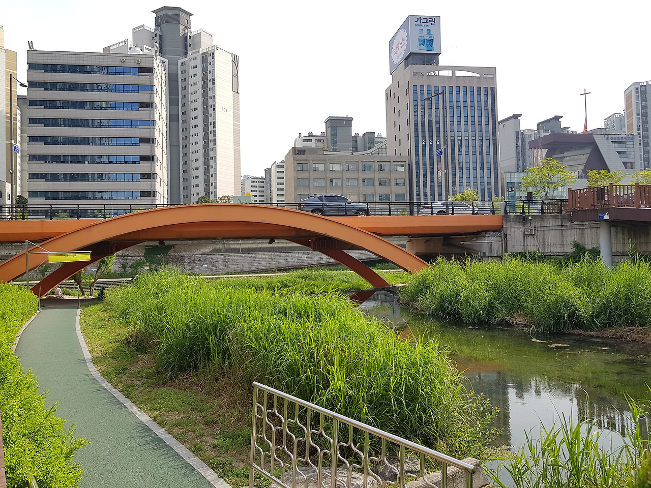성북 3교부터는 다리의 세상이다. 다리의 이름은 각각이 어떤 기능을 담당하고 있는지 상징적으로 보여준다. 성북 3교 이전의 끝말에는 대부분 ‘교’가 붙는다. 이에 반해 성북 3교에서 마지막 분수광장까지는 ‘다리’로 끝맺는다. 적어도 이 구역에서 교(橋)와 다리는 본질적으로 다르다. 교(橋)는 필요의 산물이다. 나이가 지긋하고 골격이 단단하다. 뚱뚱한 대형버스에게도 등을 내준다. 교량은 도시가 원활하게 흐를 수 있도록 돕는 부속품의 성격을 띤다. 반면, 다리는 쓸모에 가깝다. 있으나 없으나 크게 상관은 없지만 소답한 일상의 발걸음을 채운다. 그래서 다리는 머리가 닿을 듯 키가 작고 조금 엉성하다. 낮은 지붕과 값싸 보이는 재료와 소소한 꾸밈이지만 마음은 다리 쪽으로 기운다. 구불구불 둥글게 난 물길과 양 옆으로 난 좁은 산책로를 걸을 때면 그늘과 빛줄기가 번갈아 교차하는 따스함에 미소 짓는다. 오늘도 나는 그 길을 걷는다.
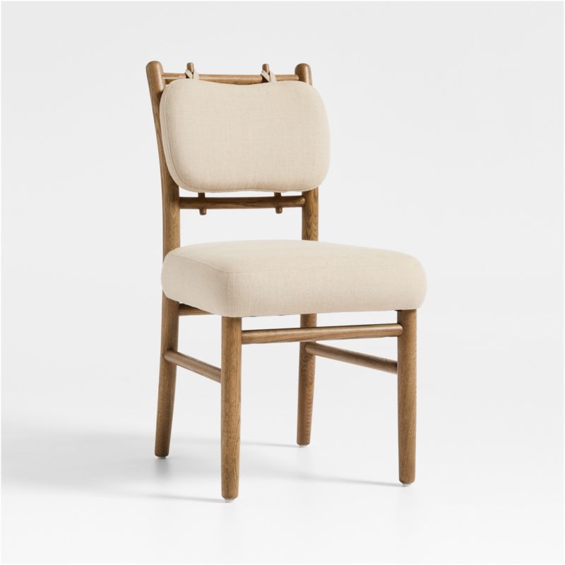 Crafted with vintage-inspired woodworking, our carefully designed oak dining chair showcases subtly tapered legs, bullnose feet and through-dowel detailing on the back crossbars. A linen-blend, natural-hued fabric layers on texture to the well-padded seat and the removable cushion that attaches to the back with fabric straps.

###

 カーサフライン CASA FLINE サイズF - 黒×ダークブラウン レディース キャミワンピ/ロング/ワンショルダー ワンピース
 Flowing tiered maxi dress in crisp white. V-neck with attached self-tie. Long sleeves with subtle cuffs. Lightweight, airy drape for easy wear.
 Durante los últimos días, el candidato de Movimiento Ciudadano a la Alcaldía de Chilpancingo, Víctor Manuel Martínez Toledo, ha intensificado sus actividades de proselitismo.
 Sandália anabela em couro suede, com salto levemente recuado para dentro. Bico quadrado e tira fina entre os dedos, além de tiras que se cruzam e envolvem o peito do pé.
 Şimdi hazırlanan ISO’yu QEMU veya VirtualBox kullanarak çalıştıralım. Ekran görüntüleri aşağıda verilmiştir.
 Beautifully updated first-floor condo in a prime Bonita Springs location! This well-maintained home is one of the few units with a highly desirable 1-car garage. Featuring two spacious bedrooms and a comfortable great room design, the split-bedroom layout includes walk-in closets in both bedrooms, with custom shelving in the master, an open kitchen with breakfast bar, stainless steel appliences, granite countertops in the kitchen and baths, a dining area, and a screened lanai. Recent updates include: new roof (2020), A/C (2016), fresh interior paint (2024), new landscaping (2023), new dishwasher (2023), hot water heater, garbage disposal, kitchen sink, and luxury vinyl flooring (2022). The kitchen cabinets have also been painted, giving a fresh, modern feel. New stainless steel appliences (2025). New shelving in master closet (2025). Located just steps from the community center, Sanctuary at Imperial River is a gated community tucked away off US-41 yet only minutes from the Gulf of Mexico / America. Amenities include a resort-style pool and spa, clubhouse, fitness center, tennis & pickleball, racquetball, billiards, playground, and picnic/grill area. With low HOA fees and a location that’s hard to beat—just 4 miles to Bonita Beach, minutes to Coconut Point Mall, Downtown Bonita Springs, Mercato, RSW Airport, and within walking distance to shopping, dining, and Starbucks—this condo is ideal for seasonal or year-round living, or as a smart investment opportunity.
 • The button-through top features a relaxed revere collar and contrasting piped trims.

###

● **TO DO**
Copy the lines above exactly, beginning at the line that has "Flowing tiered maxi" and stopping after the line that has "Şimdi hazırlanan ISO’yu", and omit the rest.

● **OUTPUT OF THE EXERCISE**
 Flowing tiered maxi dress in crisp white. V-neck with attached self-tie. Long sleeves with subtle cuffs. Lightweight, airy drape for easy wear.
 Durante los últimos días, el candidato de Movimiento Ciudadano a la Alcaldía de Chilpancingo, Víctor Manuel Martínez Toledo, ha intensificado sus actividades de proselitismo.
 Sandália anabela em couro suede, com salto levemente recuado para dentro. Bico quadrado e tira fina entre os dedos, além de tiras que se cruzam e envolvem o peito do pé.
 Şimdi hazırlanan ISO’yu QEMU veya VirtualBox kullanarak çalıştıralım. Ekran görüntüleri aşağıda verilmiştir.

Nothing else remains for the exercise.